A successful but cynical and discontented artist gets a peculiar commission and a shot at moral redemption in this novel.
Martin Drake is a world-renowned artist, celebrated for his work as a sculptor of mostly abstract pieces. As a result of his fame, he leads a life of indulgent prodigality in New York City, one as luxurious as it is obscene and empty. But despite his acclaim, he’s disgusted with his own life and believes himself a fraud who abandoned his artistic principles for commercial accomplishments. At yet another winning exhibition, billionaire Harry Banks offers him a strange proposition. In exchange for a whopping $1 million, Martin must accept a commission to produce a sculpture of the face of God for Father Manoel da Silva Teixeira, a priest who is a “devoted crusader for the underclass” in Brazil. Father Manoel is horrified—he sees Martin’s art as profane trash, a soulless exercise in adolescent sacrilege. As offended as Martin is by Father Manoel’s assessment—one shared by Harry—the sculptor accepts the commission for the sake of the money.
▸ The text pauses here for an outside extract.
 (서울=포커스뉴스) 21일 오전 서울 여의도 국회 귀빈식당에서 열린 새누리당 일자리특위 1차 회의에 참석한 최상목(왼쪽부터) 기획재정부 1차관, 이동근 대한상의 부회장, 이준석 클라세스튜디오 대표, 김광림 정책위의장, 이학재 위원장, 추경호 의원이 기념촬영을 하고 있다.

Brewer sensitively depicts the opportunity for moral and artistic reform this gives Martin as well as the daunting difficulty of the sculpture itself: “Trying to display all that God was, in one certain form, would be like trying to capture the sea in a teardrop, but infinitely more difficult. The most gifted visionary would fall far short. God was beyond comprehension.”
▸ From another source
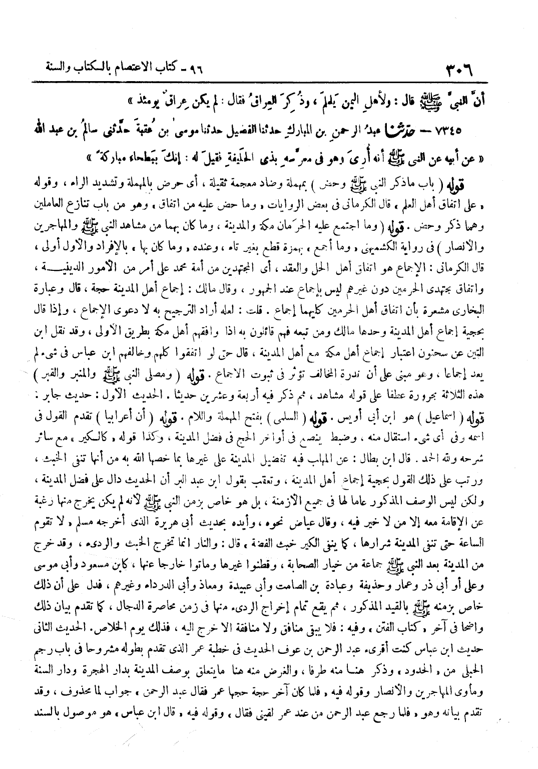[7322] قَوْله إِسْمَاعِيل هُوَ بن أَبِي أُوَيْسٍ قَوْلُهُ السَّلَمِيِّ بِفَتْحِ الْمُهْمَلَةِ وَاللَّامِ قَوْلُهُ أَنَّ أَعْرَابِيًّا تَقَدَّمَ الْقَوْلُ فِي اسْمِهِ وَفِي أَيِّ شَيْءٍ اسْتَقَالَ مِنْهُ وَضَبْطُ يَنْصَعُ فِي أَوَاخِرِ الْحَجِّ فِي فَضْلِ الْمَدِينَةِ وَكَذَا قَوْلُهُ كَالْكِيرِ مَعَ سَائِرِ شَرْحِهِ وَلِلَّهِ الْحَمْدُ قَالَ بن بَطَّالٍ عَنِ الْمُهَلَّبِ فِيهِ تَفْضِيلُ الْمَدِينَةِ عَلَى غَيْرِهَا بِمَا خَصَّهَا اللَّهُ بِهِ مِنْ أَنَّهَا تَنْفِي الْخَبَثَ وَرَتَّبَ عَلَى ذَلِكَ الْقَوْلَ بِحُجِّيَّةِ إِجْمَاع أهل الْمَدِينَة وَتعقب بقول بن عَبْدِ الْبَرِّ أَنَّ الْحَدِيثَ دَالٌّ عَلَى فَضْلِ الْمَدِينَةِ وَلَكِنْ لَيْسَ الْوَصْفُ الْمَذْكُورُ عَامًّا لَهَا فِي جَمِيعِ الْأَزْمِنَةِ بَلْ هُوَ خَاصٌّ بِزَمَنِ النَّبِيِّ صَلَّى اللَّهُ عَلَيْهِ وَسَلَّمَ لِأَنَّهُ لَمْ يَكُنْ يَخْرُجُ مِنْهَا رَغْبَةً عَنِ الْإِقَامَةِ مَعَهُ إِلَّا مَنْ لَا خَيْرَ فِيهِ وَقَالَ عِيَاضٌ نَحْوَهُ وَأَيَّدَهُ بِحَدِيثِ أَبِي هُرَيْرَةَ الَّذِي أَخْرَجَهُ مُسْلِمٍ لَا تَقُومُ السَّاعَةُ حَتَّى تَنْفِيَ الْمَدِينَةُ شِرَارَهَا كَمَا يَنْفِي الْكِيرُ خَبَثَ الْفِضَّةِ قَالَ وَالنَّارُ إِنَّمَا تُخْرِجُ الْخَبَثَ وَالرَّدِيءَ وَقَدْ خَرَجَ مِنَ الْمَدِينَةِ بَعْدَ النَّبِيِّ صَلَّى اللَّهُ عَلَيْهِ وَسَلَّمَ جَمَاعَةٌ مِنَ خِيَارِ الصَّحَابَةِ وَقَطَنُوا غَيْرَهَا وَمَاتُوا خَارِجًا عَنْهَا كَابْنِ مَسْعُودٍ وَأَبِي مُوسَى وَعَلِيٍّ أَوْ أَبِي ذَرٍّ وَعَمَّارٍ وَحُذَيْفَةَ وَعُبَادَةَ بْنِ الصَّامِتِ وَأَبِي عُبَيْدَةَ وَمُعَاذٍ وَأَبِي الدَّرْدَاءِ وَغَيْرِهِمْ فَدَلَّ عَلَى أَنَّ ذَلِكَ خَاصٌّ بِزَمَنِهِ صَلَّى اللَّهُ عَلَيْهِ وَسَلَّمَ بِالْقَيْدِ الْمَذْكُورِ ثُمَّ يَقَعُ تَمَامُ إِخْرَاجِ الرَّدِيءِ مِنْهَا فِي زَمَنِ مُحَاصَرَةِ الدَّجَّالِ كَمَا تَقَدَّمَ بَيَانُ ذَلِكَ وَاضِحًا فِي آخَرِ كِتَابِ الْفِتَنِ وَفِيهِ فَلَا يَبْقَى مُنَافِقٌ وَلَا مُنَافِقَةٌ إِلَّا خَرَجَ إِلَيْهِ فَذَلِكَ يَوْم الْخَلَاص الحَدِيث الثَّانِي حَدِيث بن عَبَّاسٍ كُنْتُ أُقْرِئُ عَبْدَ الرَّحْمَنِ بْنَ عَوْفٍ الْحَدِيثَ فِي خُطْبَةِ عُمَرَ الَّذِي تَقَدَّمَ بِطُولِهِ مَشْرُوحًا فِي بَابِ رَجْمِ الْحُبْلَى مِنَ الْحُدُودِ وَذَكَرَ هُنَا مِنْهُ طَرَفًا وَالْغَرَضُ مِنْهُ هُنَا مَا يَتَعَلَّقُ بِوَصْفِ الْمَدِينَةِ بِدَارِ الْهِجْرَةِ وَدَارِ السُّنَّةِ وَمَأْوَى الْمُهَاجِرِينَ وَالْأَنْصَارِ وَقَوْلُهُ فِيهِ فَلَمَّا كَانَ آخِرُ حَجَّةٍ حَجَّهَا عُمَرُ فَقَالَ عَبْدُ الرَّحْمَنِ جَوَابُ لَمَّا مَحْذُوفٌ وَقَدْ تَقَدَّمَ بَيَانُهُ وَهُوَ فَلَمَّا رَجَعَ عَبْدُ الرَّحْمَنِ مِنْ عِنْدِ عمر لَقِيَنِي فَقَالَ وَقَوله فِيهِ قَالَ بن عَبَّاسٍ هُوَ مَوْصُولٌ بِالسَّنَدِ

The author delicately limns Martin’s downward spiral into a life of ignoble dissipation, one marked by extraordinary self-debasement as well as the terrible loss of love. And Father Manoel is presented as much more than “a Bible-thumping Amazonian.” The priest astutely sees, under a surface of artistic debauchery, a deep reserve of genuine potential in Martin’s work: “They were grotesque, and clearly they were manifestations of an angry psyche straining for truth ever-further in the wrong direction. But there was something else to those bronzes: although they were ugly and malformed, they showed something more—a tremendous raw talent.” Still, Brewer’s story is far too condensed—under 250 pages—to have time to develop Martin’s reversal of character, a metamorphosis that is delivered too quickly and is therefore as implausible as his commission. Especially given the depths of Martin’s moral depravity—depths deftly, affectingly described by the author—readers are led to expect a tougher slog toward enlightenment. In addition, Brewer’s writing can mix florid overstatement with shopworn clichés. Consider this depiction of one of Martin’s sculptures: “Etched with the beauty and wisdom of the ages, glowing with a power beyond the realm of understanding, it was he himself that stared back.” Nevertheless, the author provides an intriguing critique of the contemporary art world—subsumed by money and careerism, it conflates the ostentatiously reprobate with edgy creativity. Furthermore, Brewer manages to pull off a difficult trick—he has composed a deeply religious novel that wears its spirituality lightly. While the book revolves around the redemptive powers promised by a submission to God, it avoids tendentious sermonizing.
A thoughtful, engaging meditation on the intersection of artistic and spiritual integrity.